** MATERIAL PROVIDED follows **

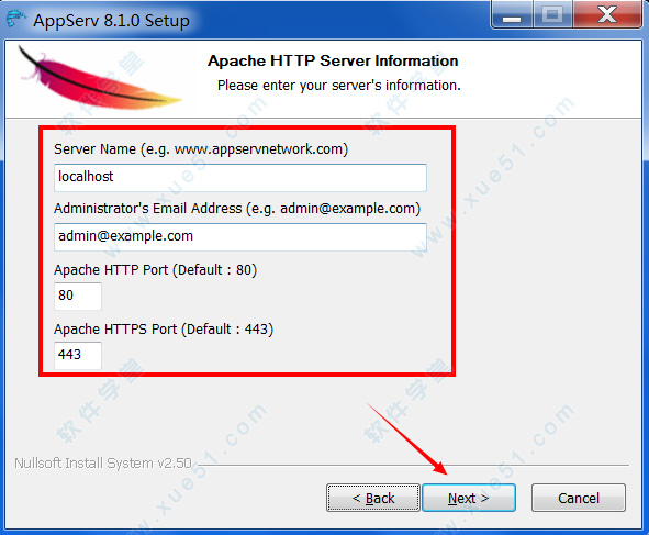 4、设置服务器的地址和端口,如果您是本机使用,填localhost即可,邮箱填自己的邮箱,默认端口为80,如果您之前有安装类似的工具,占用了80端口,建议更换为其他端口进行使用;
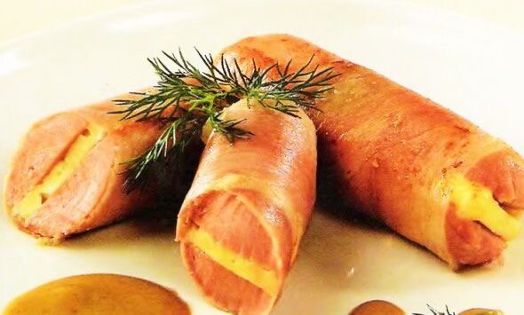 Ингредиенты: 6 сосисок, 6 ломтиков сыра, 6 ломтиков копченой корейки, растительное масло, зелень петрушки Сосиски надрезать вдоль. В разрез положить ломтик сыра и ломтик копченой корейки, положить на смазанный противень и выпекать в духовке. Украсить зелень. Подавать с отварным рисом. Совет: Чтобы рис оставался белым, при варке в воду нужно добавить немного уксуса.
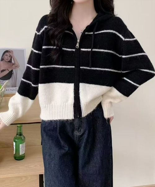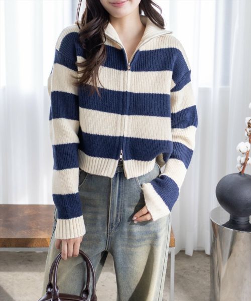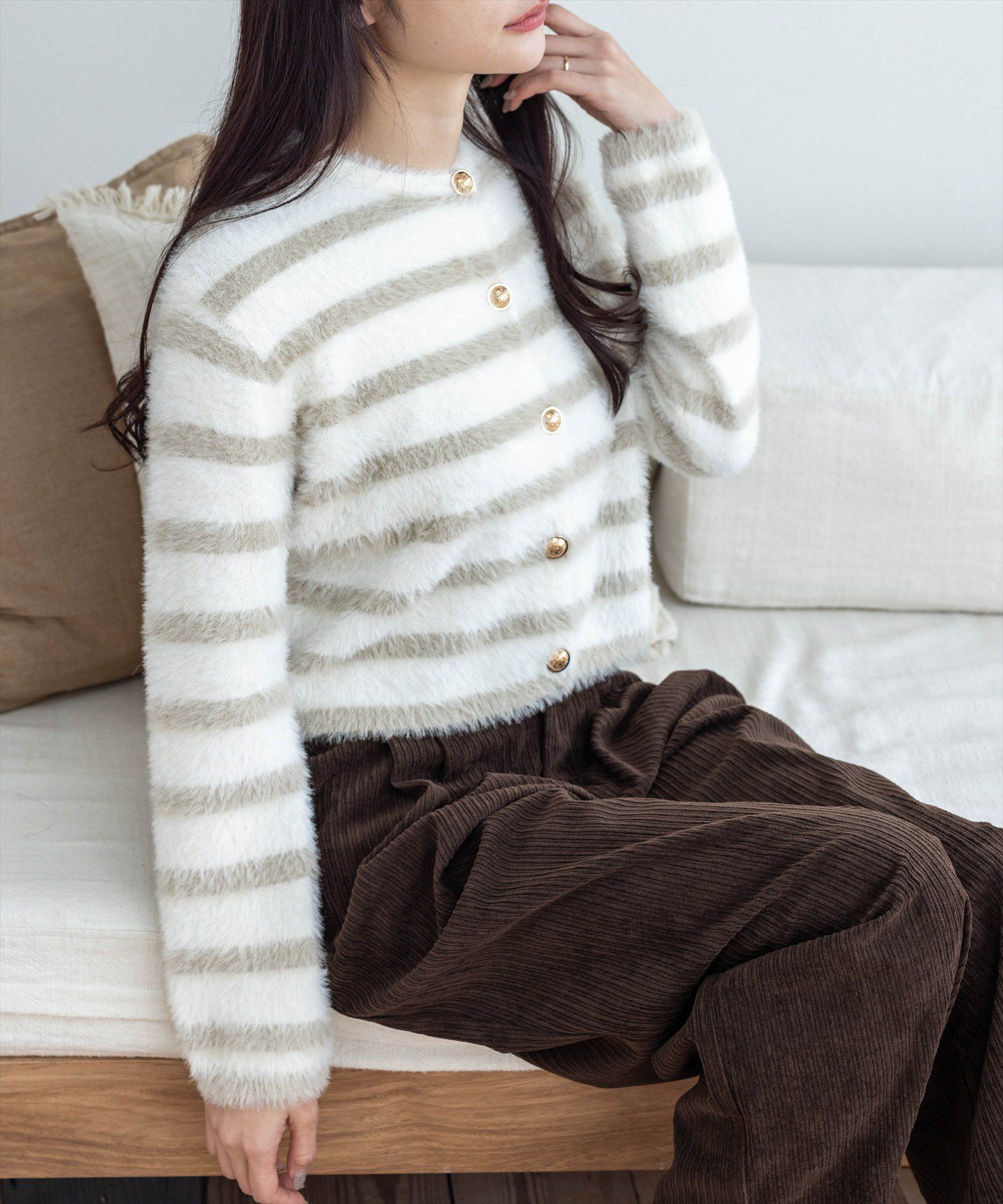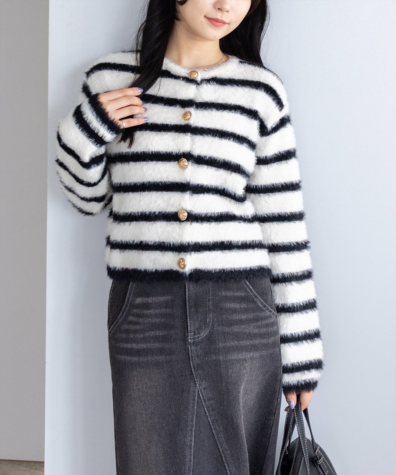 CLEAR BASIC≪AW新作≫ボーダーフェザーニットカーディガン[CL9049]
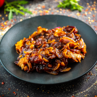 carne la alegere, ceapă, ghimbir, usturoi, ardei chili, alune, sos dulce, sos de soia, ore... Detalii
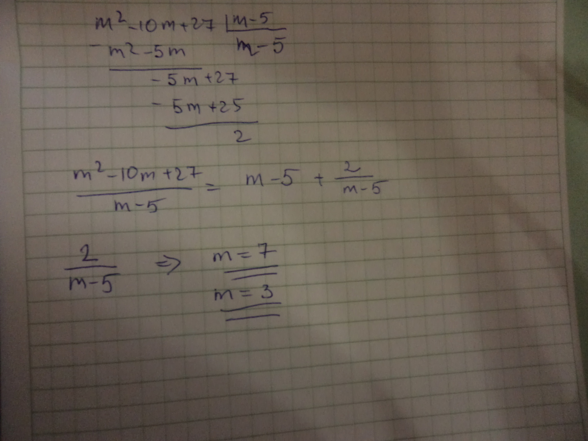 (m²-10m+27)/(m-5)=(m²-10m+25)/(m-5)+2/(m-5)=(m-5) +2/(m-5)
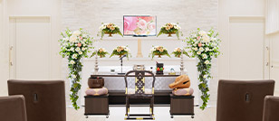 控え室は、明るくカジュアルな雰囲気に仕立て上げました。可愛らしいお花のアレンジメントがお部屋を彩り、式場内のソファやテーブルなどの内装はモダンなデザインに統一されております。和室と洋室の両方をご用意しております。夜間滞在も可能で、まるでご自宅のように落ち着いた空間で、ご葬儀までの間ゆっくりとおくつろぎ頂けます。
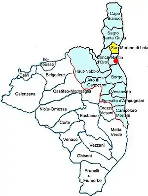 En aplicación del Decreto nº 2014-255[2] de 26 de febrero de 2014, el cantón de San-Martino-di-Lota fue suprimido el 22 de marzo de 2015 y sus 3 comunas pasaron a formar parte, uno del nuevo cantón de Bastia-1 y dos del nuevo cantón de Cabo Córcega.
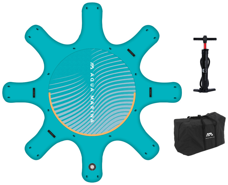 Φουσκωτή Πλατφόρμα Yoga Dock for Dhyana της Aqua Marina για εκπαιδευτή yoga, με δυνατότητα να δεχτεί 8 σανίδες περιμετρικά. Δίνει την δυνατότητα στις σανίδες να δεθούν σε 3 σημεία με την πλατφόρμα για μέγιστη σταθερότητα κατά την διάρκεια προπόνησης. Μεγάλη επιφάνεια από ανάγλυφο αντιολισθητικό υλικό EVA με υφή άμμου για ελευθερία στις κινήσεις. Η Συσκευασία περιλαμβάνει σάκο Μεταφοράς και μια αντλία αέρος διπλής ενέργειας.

** End of MATERIAL PROVIDED **

● **TASK GOAL**: Take the line containing "CLEAR BASIC≪AW" and every line after it to the end of the records, and restate them verbatim, with no pictures.

● **EXERCISE RESULT**:
 CLEAR BASIC≪AW新作≫ボーダーフェザーニットカーディガン[CL9049]
 carne la alegere, ceapă, ghimbir, usturoi, ardei chili, alune, sos dulce, sos de soia, ore... Detalii
 (m²-10m+27)/(m-5)=(m²-10m+25)/(m-5)+2/(m-5)=(m-5) +2/(m-5)
 控え室は、明るくカジュアルな雰囲気に仕立て上げました。可愛らしいお花のアレンジメントがお部屋を彩り、式場内のソファやテーブルなどの内装はモダンなデザインに統一されております。和室と洋室の両方をご用意しております。夜間滞在も可能で、まるでご自宅のように落ち着いた空間で、ご葬儀までの間ゆっくりとおくつろぎ頂けます。
 En aplicación del Decreto nº 2014-255[2] de 26 de febrero de 2014, el cantón de San-Martino-di-Lota fue suprimido el 22 de marzo de 2015 y sus 3 comunas pasaron a formar parte, uno del nuevo cantón de Bastia-1 y dos del nuevo cantón de Cabo Córcega.
 Φουσκωτή Πλατφόρμα Yoga Dock for Dhyana της Aqua Marina για εκπαιδευτή yoga, με δυνατότητα να δεχτεί 8 σανίδες περιμετρικά. Δίνει την δυνατότητα στις σανίδες να δεθούν σε 3 σημεία με την πλατφόρμα για μέγιστη σταθερότητα κατά την διάρκεια προπόνησης. Μεγάλη επιφάνεια από ανάγλυφο αντιολισθητικό υλικό EVA με υφή άμμου για ελευθερία στις κινήσεις. Η Συσκευασία περιλαμβάνει σάκο Μεταφοράς και μια αντλία αέρος διπλής ενέργειας.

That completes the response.